Mémoire concernant les frontières de
France, Savoie, Piémont
pour servir d'instruction
tant pour le campement des armées que pour les faire manoeuvrer
(par de La Blottière)




- Annotations de H. Duhamel
- Campagnes de 170717081709171017111712
- Projet d'attaque et projet pour la défensive
- Explication (vallées, rivières, montagnes, habitants)
- Liste des villages, cols et hameaux





  Explication (vallées, rivières, montagnes, habitants)
( Cette page web est limitée à l'Escarton d'Oulx ou Haute Vallée de Suse
mais le mémoire correpond à toutes les Alpes dans le Dauphiné)

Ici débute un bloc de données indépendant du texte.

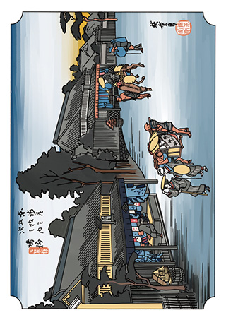 《浮世絵風ぬり絵》 弥次さん喜多さん(東海道中膝栗毛)

Lorsqu'on a une parfaite connaissance de ce pays raboteux ainsi qu'avait M. le Maréchal de Catinat, on en peut tirer de grands avantages pour la manœuvre des troupes qu'on fait faire à propos et pour cela, il faut connoistre tous les cols et passages. Je vais en donner une légende bien détaillée à laquelle il est bon de faire des remarques comme aussi sur les rivières et les principales montagnes.
Explication
De toutes les vallées, des rivières, des ruisseaux et de tous les cols et passages qui sont dans le Briançonnois et dans l'Embrunois comme aussi dans les vallées de Cézane, de Bardonnèche, d'Oulx, d'Exilles, de Chaumont, de Suze, de Pragelas, de Pérouze, de St-Martin, d'Angrogne, de Lucerne, de Barcelonnette, du Château-Dauphin, de Pô et de Mayre, les endroits où ces passages vont abboutir et le temps qu'il faut d'un pas réglé pour aller d'un lieu à un autre de ceux qui sont praticables pour le canon, pour les chevaux et pour les gens de pied.

La Novalaise en Piémont
Cette vallée a deux lieues de longueur à compter depuis Suze jusqu'au pied de la montagne du grand Montcenis. Nulles voitures roulantes ne peuvent passer par ce chemin, on les démonte et on les porte à dos de mulets environ deux lieues de distances, les litières se démontent aussi, c'est néanmoins la grande route de France pour aller en Piémont et en Italie.
De Suze pour aller à Bramant, vallée de Morienne, il faut sept heures. Le ruisseau qui passe dans la Novalaise se nomme Cinissel (Cenischia) qui sort du Mont-Cenis et se jette dans la Doire Suzine entre le couvent des capucins et la citadelle de Suze, et la Doire se joint au Pô, précisément à Turin.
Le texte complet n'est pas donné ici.